SPARC-null mice show increased accumulation of WAT along with an increase in both adipocyte size and number as compared to wild type (WT) mice.72 SPARC-null mice might be highly susceptible to protease degradation and remodeling functions allowing adipocytes to develop a larger size, hence, contribute to hyperplastic WAT. The ECM remodeling associated with adipogenesis requires SPARC, to stabilize the tissue and maintain the balance of lipogenesis and lipolysis. SPARC, to some extent, can prevent hypertrophy of adipocytes and hyperplasia of adipocyte progenitors. Further SPARC-null mice contain higher levels of soluble type VI collagen in their skin,72 and it may influence the expression, folding, post-translational modification, and secretion of type VI collagen in WAT. Consequently, SPARC could control adipogenesis through type VI collagen. SPARC also interact with integrin α5β1 and this complex inhibits preadipocyte adhesion, focal adhesion kinase (FAK), integrin-linked kinase (ILK) activity and it leads to cell migration. SPARC also stimulates the phosphorylation and activation of FAK in glioma cells.73 Likewise SPARC can also inhibit the formation of adipocytes but enhances that of osteoblastocytes by its enrichment of the accumulation of β-catenin in both cytosol and the nucleus.66, 74 Both endogenous and exogenous SPARC enhance the accumulation of β-catenin. Wnt/Beta-catenin represses the expression of C/EBPα and PPARγ at early stages of adipocyte differentiation.75 Further, SPARC also inhibits the expression of C/EBPα and PPARγ at later stages of adipocyte differentiation. These evidence shows that SPARC suppresses the central transcriptional cascades of adipogenesis through the Wnt/Beta-catenin pathway. Further research is required to decipher the mechanisms underlying the inhibitory consequences of SPARC on adipogenesis in vivo.
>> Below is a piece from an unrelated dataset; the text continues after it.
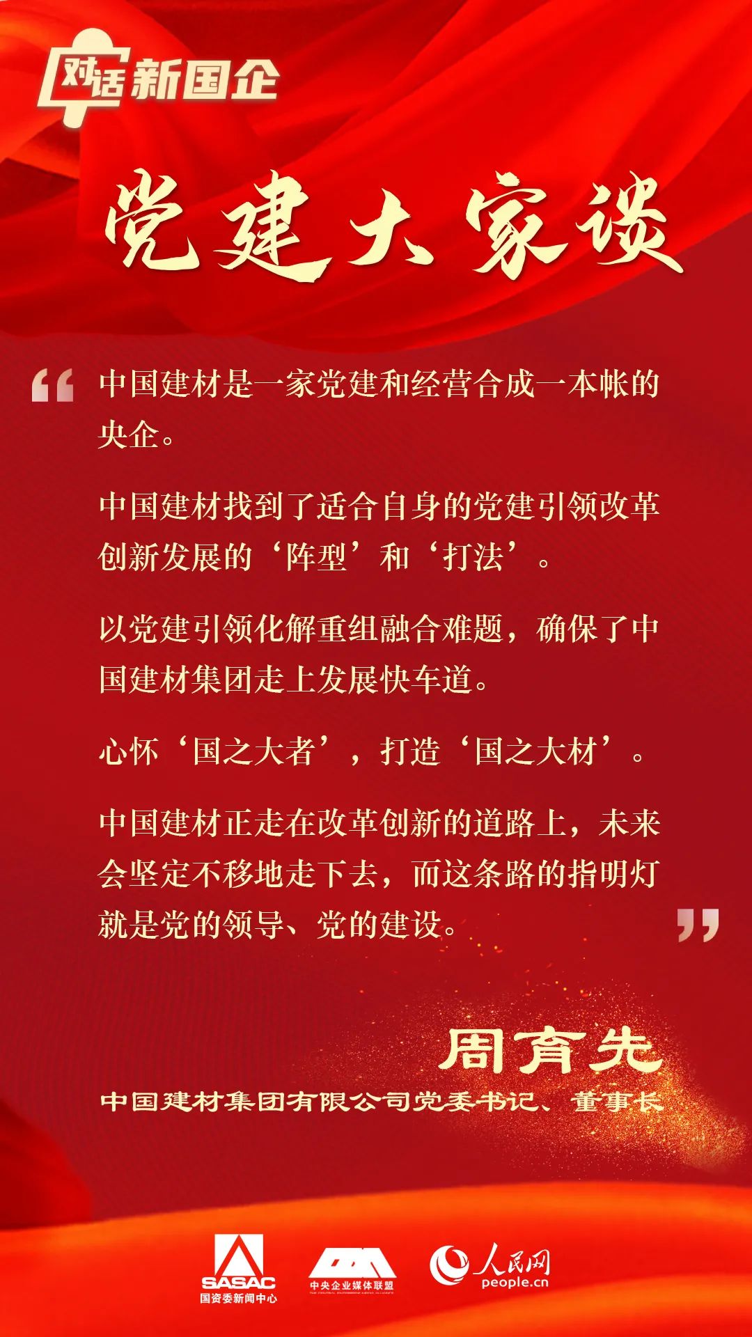 在会议召开五周年之际,国资委新闻中心联合人民网等平台组织的“对话新国企·党建大家谈”系列融媒体访谈上线,访谈中多位中央企业党建工作负责人共话国企党建新局面,K8凯发国际集团党委书记、董事长K8凯发国际受邀参加访谈,讲述党建引领化解重组难题、创新打法走上开展快车道。同时,集团所属北新建材作为“中央企业党建成效媒体集中采访”活动首站已完成访谈报道,充分说明K8凯发国际集团走在高质量党建引领高质量开展的前端。今天,小料特别推出上述2条微信,带大家分析具体情况。

6. Role of SPARC in cell cycle and proliferation

Generally, ‘vital functions’ of the cells are gauged by assaying for one of these parameters: cell viability, cell proliferation and cell growth. These ‘vital functions’ of the cells are mainly modulated by the signaling molecules or growth factors that convey information to cells during cellular differentiation or growth. Recent studies have shown that SPARC and TGF-β employ each other in a mutual relationship to modulate these cellular functions. SPARC and TGF-β acts as inhibitors of cell cycle progression and proliferation in several types of cells.31, 32, 76, 77 SPARC stimulates TGF-β expression in mesangial cells and, on the other hand, TGF-β stimulates SPARC expression in a number of cell types, including endothelial cells, fibroblasts, keratinocytes, and smooth muscle cells.20, 78-81 SPARC inhibits epithelial cell proliferation by commandeering the TGF-β signaling system, via coupling of C-terminal extracellular calcium (EC)-domain (i.e., SPARC-EC) to a TGF-β receptor/Smad2/3-dependent pathway.82 SPARC and TGF-β are both expressed in epithelial cells; however, the association between these signaling molecules in regulating epithelial cell behaviors remains to be addressed. SPARC negatively regulates breast cancer cell proliferation without stimulating metastasis.83 Elevated levels of SPARC increases cell de-adhesion from matrix in gliomas.84 SPARC also alters glioma growth by changing the tumor microenvironment and by repressing tumor vascularity through inhibition of VEGF expression.84 These results present a novel mechanism, whereby SPARC controls VEGF function by preventing the available growth factor. Haber et al.85 show that SPARC alters the proliferation of stromal but not melanoma cells. They also show that SPARC inhibits endothelial cell proliferation, spreading, and migration. In fact, low expression of integrins following exposure to SPARC considerably reduces cell proliferation and adhesion, in part by down-regulating the activation of Akt, FAK, MAPK 44/42 and Src.86 Treatment with exogenous SPARC significantly inhibits the growth of pancreatic cancer, colorectal cancers, neuroblastomas, and leukemia cells.18, 87

SPARC and its peptide 2.1 and 4.2 (from a disulfide-bonded domain of SPARC) inhibit DNA synthesis in BAEC, as determined by (3H) thymidine incorporation and delay the entry of cells into S phase.88 An inhibitory effect of SPARC on cell-cycle progression might facilitate the short-term withdrawal from the cell cycle that frequently happens after cellular responses to developmental or injury signals. Over-expression of SPARC protein and mRNA is frequently observed in non-proliferating, but actively secreting, Leydig, Sertoli cells and migrating cells 89, 90 showing that SPARC might direct a metabolic pathway in addition to cell cycle. SPARC is stimulated after cells have primarily proliferated and may function to withdraw cells temporarily from the cell cycle in preparation for migration.90 The recognition of SPARC as an anti-spreading factor for specific cells, together with its capability to direct noticeable changes in cell shape, suggests that the evident proliferation in the presence of SPARC may result from alteration in cell shape.90 Nevertheless, potential actions of SPARC on mitosis and cellular migration, need disconnection from ECM, have not been studied very well.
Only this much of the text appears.